(GIVEN INFORMATION)

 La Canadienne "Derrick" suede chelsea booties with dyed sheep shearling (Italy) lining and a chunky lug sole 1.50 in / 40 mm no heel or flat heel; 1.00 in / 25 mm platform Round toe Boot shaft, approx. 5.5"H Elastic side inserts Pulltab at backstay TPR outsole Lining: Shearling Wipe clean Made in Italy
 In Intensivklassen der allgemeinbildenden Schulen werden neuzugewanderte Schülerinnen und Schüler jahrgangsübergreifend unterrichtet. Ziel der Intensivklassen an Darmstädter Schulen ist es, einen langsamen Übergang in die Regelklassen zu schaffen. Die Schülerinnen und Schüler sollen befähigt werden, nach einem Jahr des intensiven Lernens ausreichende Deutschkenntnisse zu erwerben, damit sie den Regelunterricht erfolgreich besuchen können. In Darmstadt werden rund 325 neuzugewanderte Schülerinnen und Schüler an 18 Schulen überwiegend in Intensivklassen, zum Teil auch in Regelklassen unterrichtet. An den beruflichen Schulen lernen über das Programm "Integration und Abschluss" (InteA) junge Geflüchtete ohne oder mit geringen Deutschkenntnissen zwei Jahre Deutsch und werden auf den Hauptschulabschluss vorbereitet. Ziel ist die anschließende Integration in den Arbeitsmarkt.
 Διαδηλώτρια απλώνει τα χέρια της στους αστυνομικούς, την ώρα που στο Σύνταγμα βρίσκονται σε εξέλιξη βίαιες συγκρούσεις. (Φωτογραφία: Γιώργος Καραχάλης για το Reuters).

(End GIVEN INFORMATION)
(GIVEN INFORMATION)

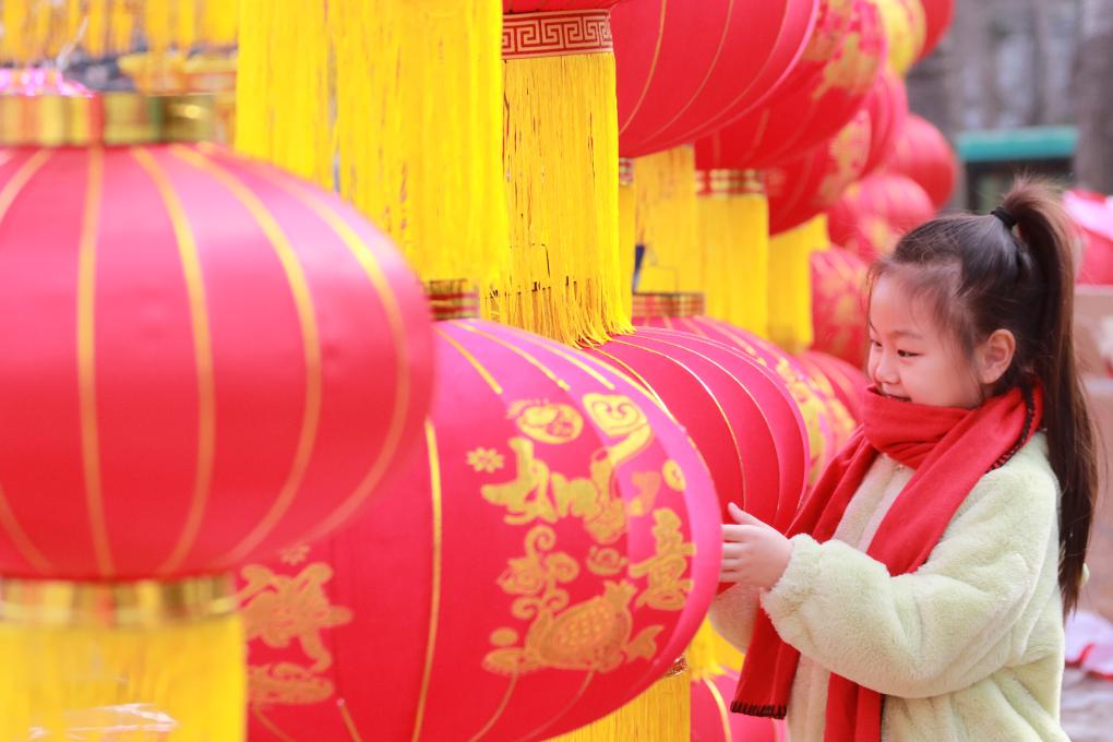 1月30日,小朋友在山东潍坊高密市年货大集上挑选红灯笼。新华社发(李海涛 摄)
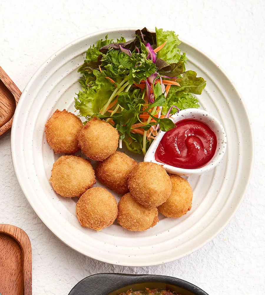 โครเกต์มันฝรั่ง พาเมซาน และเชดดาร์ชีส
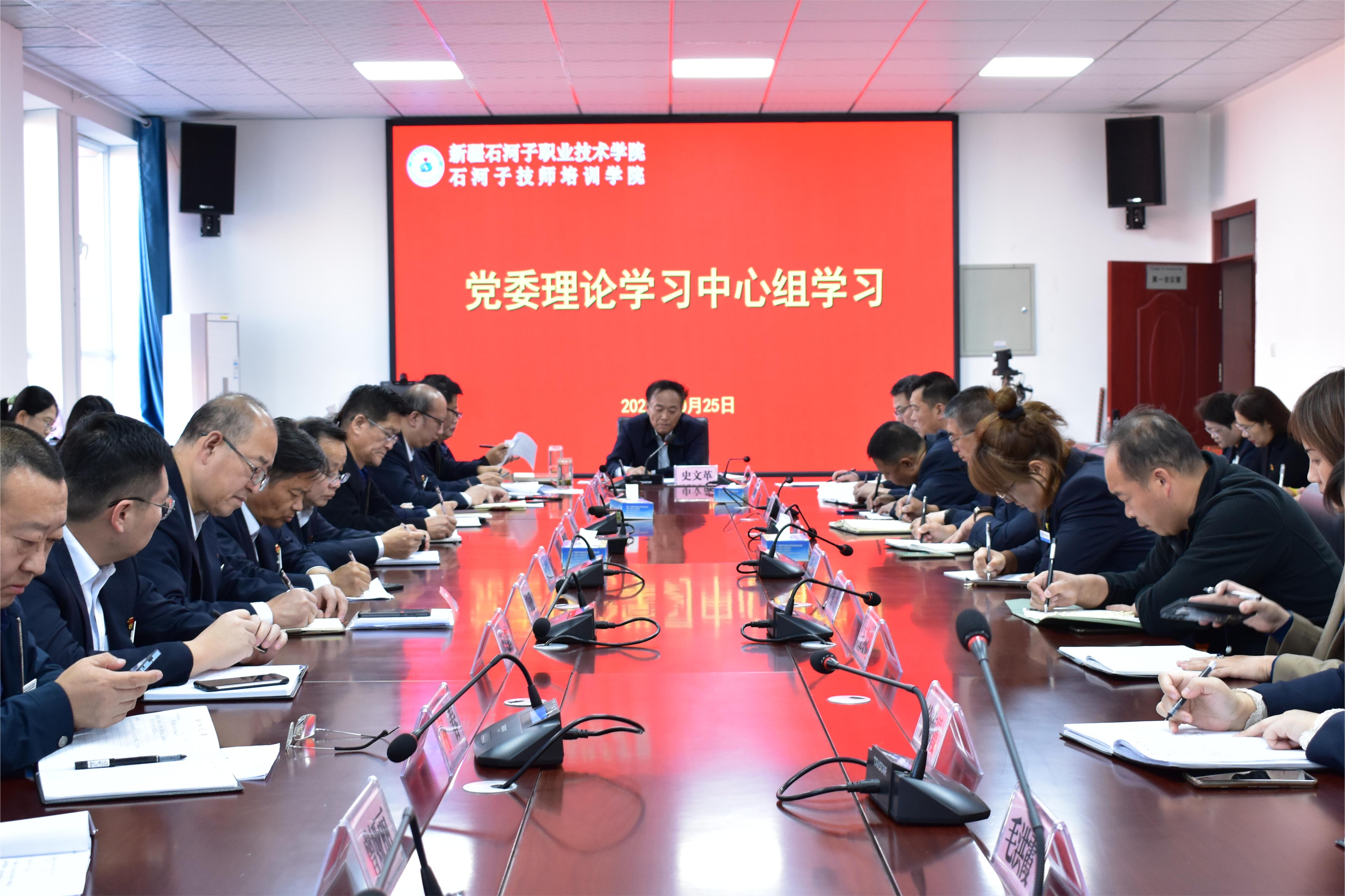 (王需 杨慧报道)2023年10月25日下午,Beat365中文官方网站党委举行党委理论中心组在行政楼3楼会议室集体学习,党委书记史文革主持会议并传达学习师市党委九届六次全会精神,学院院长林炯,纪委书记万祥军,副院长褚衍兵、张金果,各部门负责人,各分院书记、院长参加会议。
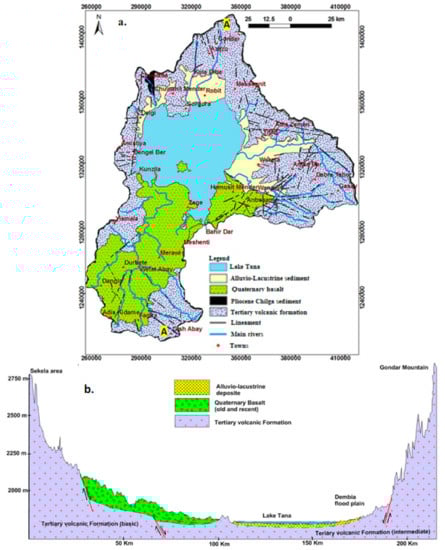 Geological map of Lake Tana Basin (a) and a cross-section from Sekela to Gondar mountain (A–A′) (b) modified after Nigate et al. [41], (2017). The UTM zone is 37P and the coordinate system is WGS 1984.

(End GIVEN INFORMATION)

Write out the lines above from the one with "โครเกต์มันฝรั่ง พาเมซาน และเชดดาร์ชีส" through the one with "Geological map of", ends included, exactly; no picture goes in.

» **RESULT FOR THIS EXERCISE**
 โครเกต์มันฝรั่ง พาเมซาน และเชดดาร์ชีส
 (王需 杨慧报道)2023年10月25日下午,Beat365中文官方网站党委举行党委理论中心组在行政楼3楼会议室集体学习,党委书记史文革主持会议并传达学习师市党委九届六次全会精神,学院院长林炯,纪委书记万祥军,副院长褚衍兵、张金果,各部门负责人,各分院书记、院长参加会议。
 Geological map of Lake Tana Basin (a) and a cross-section from Sekela to Gondar mountain (A–A′) (b) modified after Nigate et al. [41], (2017). The UTM zone is 37P and the coordinate system is WGS 1984.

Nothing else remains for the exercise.